Three-dimensional lattice-Boltzmann simulations of critical spinodal decomposition in binary immiscible fluids -: art. no. 046304

We use a modified Shan-Chen, noiseless lattice-BGK model for binary immiscible, incompressible, athermal fluids in three dimensions to simulate the coarsening of domains following a deep quench below the spinodal point from a symmetric and homogeneous mixture into a two-phase configuration. The model is derivable from a continuous-time Boltzmann-BGK equation in the presence of an intercomponent body force. We find the average domain size grows with time as t(gamma), where gamma increases in the range 0.545+/-0.014<0.717+/-0.002, consistent with a crossover between diffusive t(1/3) and hydrodynamic viscous, t(1.0), behavior. We find good collapse onto a single scaling function, yet the domain growth exponents differ from previous results for similar values of the unique characteristic length L-0 and time T-0 that can be constructed out of the fluid's parameters. This rebuts claims of universality for the dynamical scaling hypothesis. For Re = 2.7 and small wave numbers q we also find a q(2) <-> q(4) crossover in the scaled structure function, which disappears when the dynamical scaling reasonably improves at later stages (Re = 37). This excludes noise as the cause for a q(2) behavior, as analytically derived from Yeung and proposed by Appert and Love on the basis of their lattice-gas simulations. We also observe exponential temporal growth of the structure function during the initial stages of the dynamics and for wave numbers less than a threshold value, in accordance with the diffusive Cahn-Hilliard Model B. However, this exponential growth is also present in regimes proscribed by that model.
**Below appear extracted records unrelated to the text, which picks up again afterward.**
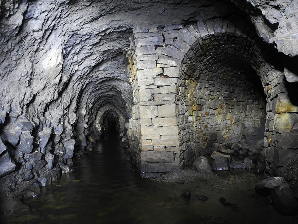 Level where is reaches the weathered outcrop of the limestone. This can be seen overlain by boulder clay in the left wall.
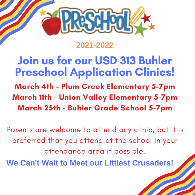 Posted on March 4, 2021, Edited March 4, 2021 by Kayla Simmons USD 313 Preschool Application Clinic Is Here! https://cdn.townweb.com/buhlerks.org/wp-content/uploads/2021/03/Buhler-Preschool-Application-Clinic-FAQ-2-1.pdf
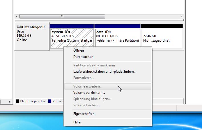 Das D: könnte ich problemlos vergrössern, beim C: geht das aber nicht mehr (siehe Screenshots). Verkleinern würde gehen...
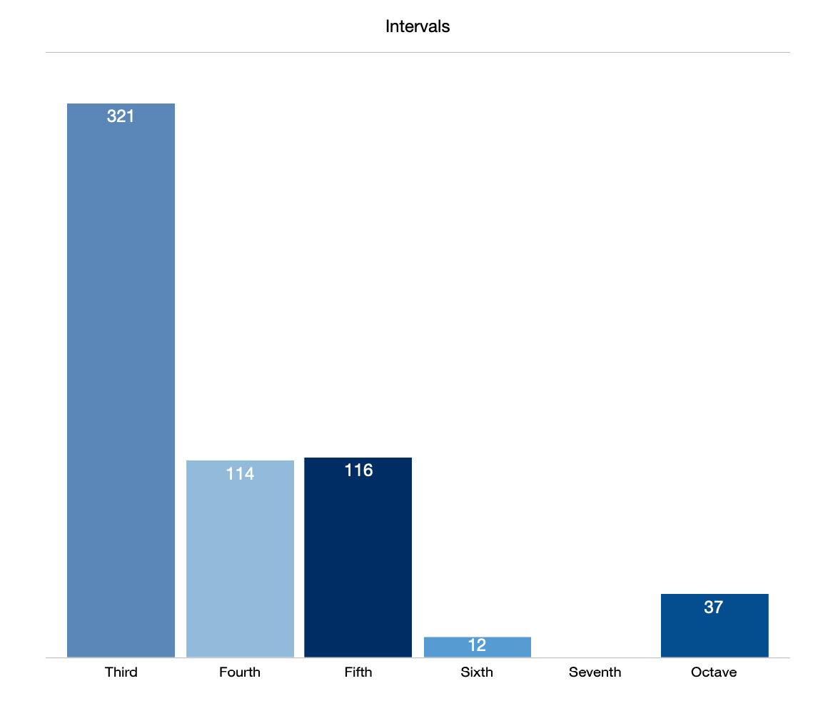 It is clear that the third is the most common. The fourth and fifth occur sometimes, the octave rarely, and the sixth very rarely. It is notable that the seventh never appears.

There is no evidence that regions of parameter space for which the scheme is numerically stable become unstable as the simulations proceed, in agreement with finite-difference relaxational models and in contradistinction with an unconditionally unstable lattice-BGK free-energy model previously reported. Those numerical instabilities that do arise in this model are the result of large intercomponent forces which turn the equilibrium distribution negative.